Credere has concluded, on the basis of its size and the nature, scale and complexity of its legal structure and business, that it does not need to appoint a separate remuneration committee. Instead, the Firm’s Governing Body sets, and oversees compliance with, the Firm’s remuneration policy including reviewing the terms of the policy at least annually.
Key characteristics of its remuneration policies
Credere Capital LLP is a limited liability partnership and as such the Partners do not have fixed salaries. The Partners take Members drawings which are discretionary and variable.
The firm assesses performance across the firm, business units and individuals considering the following criteria:
• Financial metrics including contribution to revenue/ sales growth as well as cost reduction; and
• Non-financial metrics including: the building and maintenance of positive customer relationships and outcomes; alignment with our strategy or values, for example by displaying leadership, teamwork or creativity; adhering to our compliance policies & procedures; and meeting other non-financial targets relating to environmental, social and governance factors and diversity and inclusion.
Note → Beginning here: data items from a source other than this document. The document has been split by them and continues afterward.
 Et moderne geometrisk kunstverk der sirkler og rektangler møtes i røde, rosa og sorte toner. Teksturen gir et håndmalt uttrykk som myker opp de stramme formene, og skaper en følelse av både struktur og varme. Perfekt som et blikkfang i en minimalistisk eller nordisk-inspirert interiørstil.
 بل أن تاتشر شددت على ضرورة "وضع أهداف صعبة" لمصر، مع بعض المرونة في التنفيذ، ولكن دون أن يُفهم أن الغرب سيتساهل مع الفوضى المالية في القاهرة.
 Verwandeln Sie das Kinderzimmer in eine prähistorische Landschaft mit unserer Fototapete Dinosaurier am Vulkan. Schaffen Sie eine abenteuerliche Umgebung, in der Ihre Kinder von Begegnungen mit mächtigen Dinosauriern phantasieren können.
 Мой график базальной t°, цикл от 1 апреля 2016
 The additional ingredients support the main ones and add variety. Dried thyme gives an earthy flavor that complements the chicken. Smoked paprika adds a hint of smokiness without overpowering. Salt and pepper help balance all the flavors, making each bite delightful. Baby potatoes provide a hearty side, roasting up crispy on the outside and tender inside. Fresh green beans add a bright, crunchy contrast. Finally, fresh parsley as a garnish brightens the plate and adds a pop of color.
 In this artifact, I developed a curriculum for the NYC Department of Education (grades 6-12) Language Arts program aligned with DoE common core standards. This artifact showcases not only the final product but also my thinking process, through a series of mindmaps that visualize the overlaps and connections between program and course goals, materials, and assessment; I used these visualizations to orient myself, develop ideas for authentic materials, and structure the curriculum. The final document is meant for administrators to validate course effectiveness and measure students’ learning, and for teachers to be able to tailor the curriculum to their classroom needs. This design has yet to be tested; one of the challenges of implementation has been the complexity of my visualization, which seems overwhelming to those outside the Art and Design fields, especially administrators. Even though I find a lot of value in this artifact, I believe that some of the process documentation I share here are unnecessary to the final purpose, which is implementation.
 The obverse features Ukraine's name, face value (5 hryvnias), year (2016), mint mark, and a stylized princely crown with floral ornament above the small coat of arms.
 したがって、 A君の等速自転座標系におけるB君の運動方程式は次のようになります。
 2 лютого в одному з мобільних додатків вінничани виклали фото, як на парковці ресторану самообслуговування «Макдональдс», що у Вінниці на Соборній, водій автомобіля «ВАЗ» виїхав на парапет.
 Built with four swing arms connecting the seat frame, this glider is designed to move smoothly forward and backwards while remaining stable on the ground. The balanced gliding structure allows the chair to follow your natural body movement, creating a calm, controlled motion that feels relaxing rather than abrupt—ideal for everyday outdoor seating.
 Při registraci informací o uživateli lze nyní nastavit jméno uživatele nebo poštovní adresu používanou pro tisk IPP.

In assessing performance, the above factors are considered at firm, business unit and individual level as applicable. Overall, greater weight is placed on non-financial metrics when assessing performance. All variable remuneration is adjusted in line with capital and liquidity requirements.
The Firm has adopted a remuneration policy and procedures that comply with the different chapters of the FCA’s Senior Management Arrangements, Systems and Controls Sourcebook (SYSC), and in accordance with ESMA’s Guidelines on sound remuneration policies. The Firm have considered all the proportionality elements in line with the FCA Guidance. All variable remuneration is adjusted in line with capital and liquidity requirements.
As a UK AIFM the Firm has assessed the proportionality elements and disapplies the Pay Out Rules. Furthermore, the Firm has concluded, on the basis of its size and the nature, scale and complexity of its legal structure and business that it does not need to appoint a remuneration committee. Instead, the Governing Body sets, and oversees compliance with, the Firm’s remuneration policy including reviewing the terms of the policy at least annually. The Firm make the following remuneration disclosure:
Quantitative information for the financial year ended 31st March 2023
Total Fixed Remuneration for all staff: 0
Total Variable Remuneration for all staff: 0
Credere has made no omissions on grounds of data protection.
* The above remuneration disclosure includes remuneration paid to Code Staff in respect to both their AIFMD and non-AIFMD activities. Credere Capital LLP is a limited liability partnership and as such the Partners do not have fixed salaries. The Partners take Members drawings which are discretionary and variable.